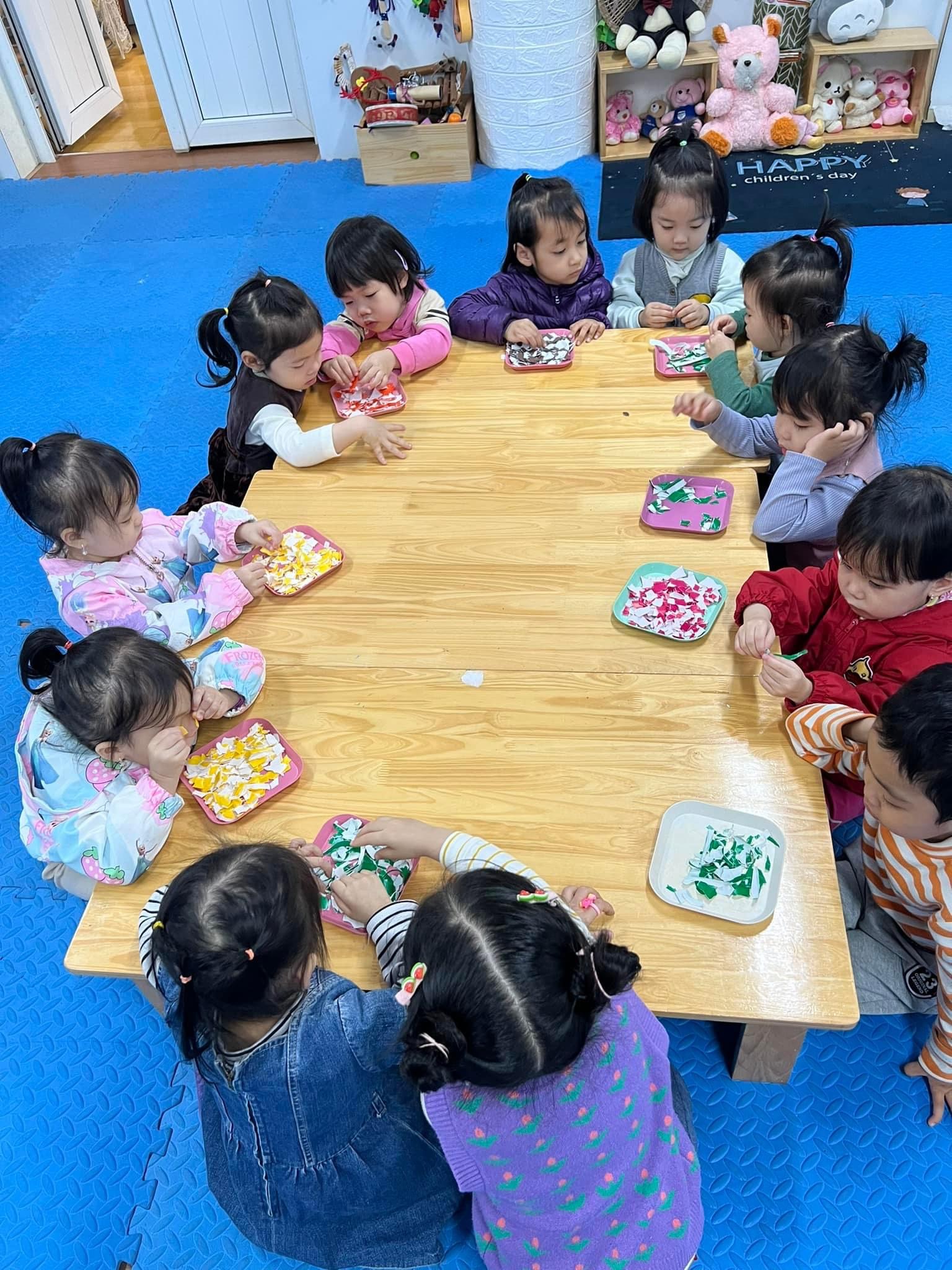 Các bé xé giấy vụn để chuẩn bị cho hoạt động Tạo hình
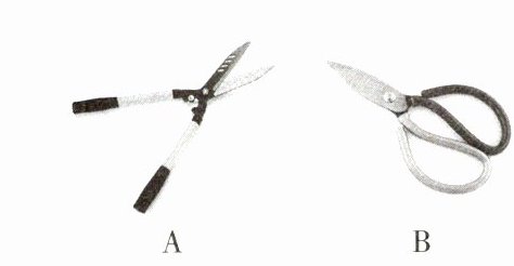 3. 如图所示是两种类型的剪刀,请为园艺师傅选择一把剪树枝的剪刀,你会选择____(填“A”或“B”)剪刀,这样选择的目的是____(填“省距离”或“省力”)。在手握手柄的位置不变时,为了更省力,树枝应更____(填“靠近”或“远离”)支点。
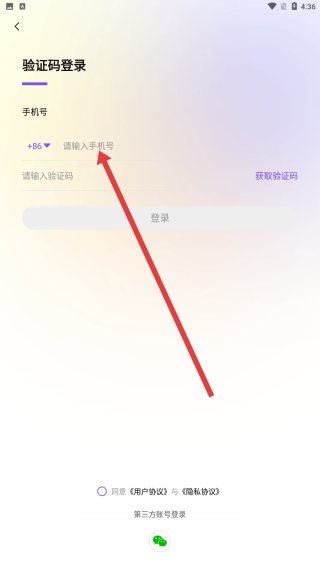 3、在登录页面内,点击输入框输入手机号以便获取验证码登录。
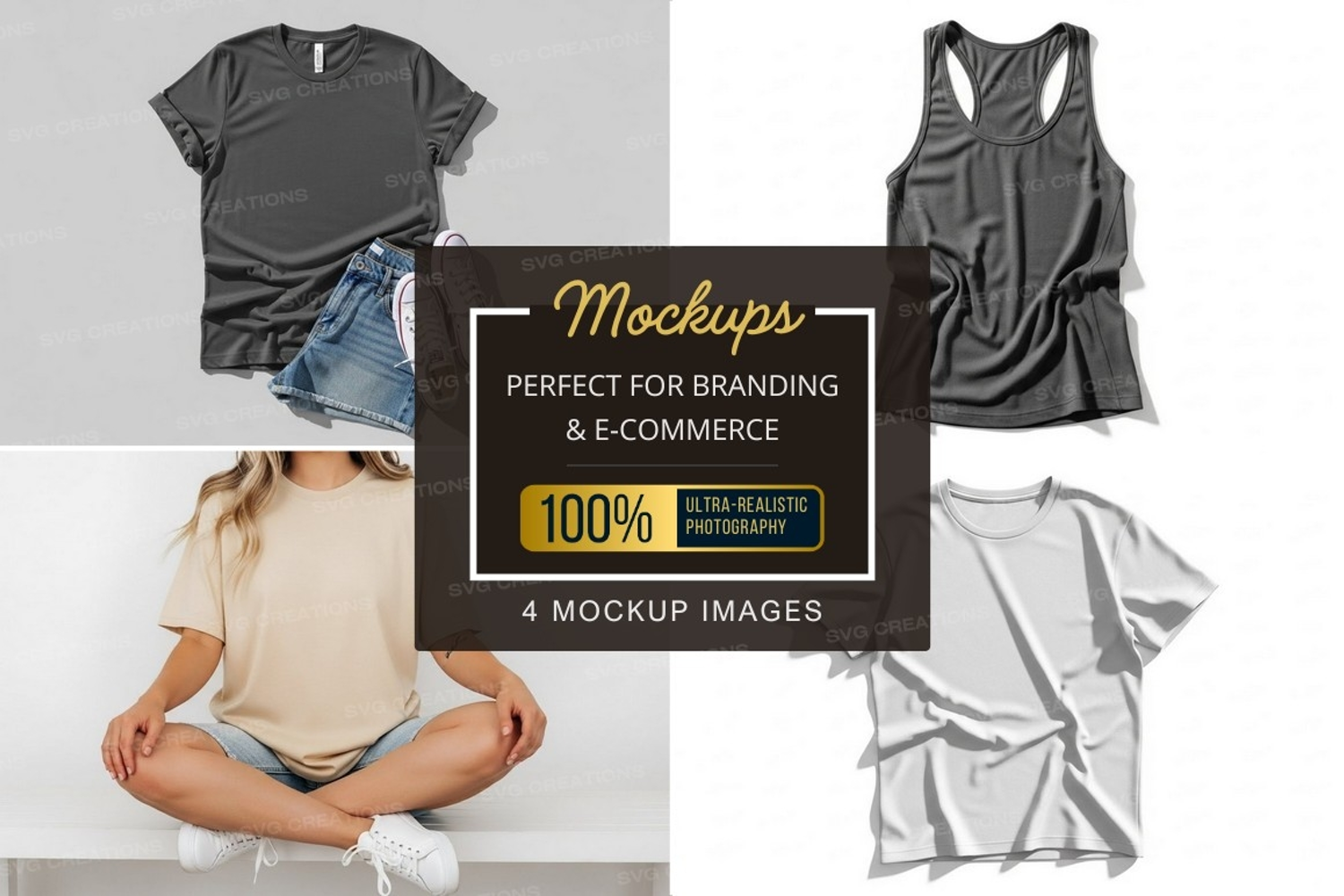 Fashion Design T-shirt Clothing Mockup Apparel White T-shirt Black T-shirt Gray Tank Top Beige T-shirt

Task objective -> Your task is to reproduce exactly the lines from the one that holds "3、在登录页面内,点击输入框输入手机号以便获取验证码登录。" to the last line of the listing, and only those, omitting the pictures.

Answer below ->
 3、在登录页面内,点击输入框输入手机号以便获取验证码登录。
 Fashion Design T-shirt Clothing Mockup Apparel White T-shirt Black T-shirt Gray Tank Top Beige T-shirt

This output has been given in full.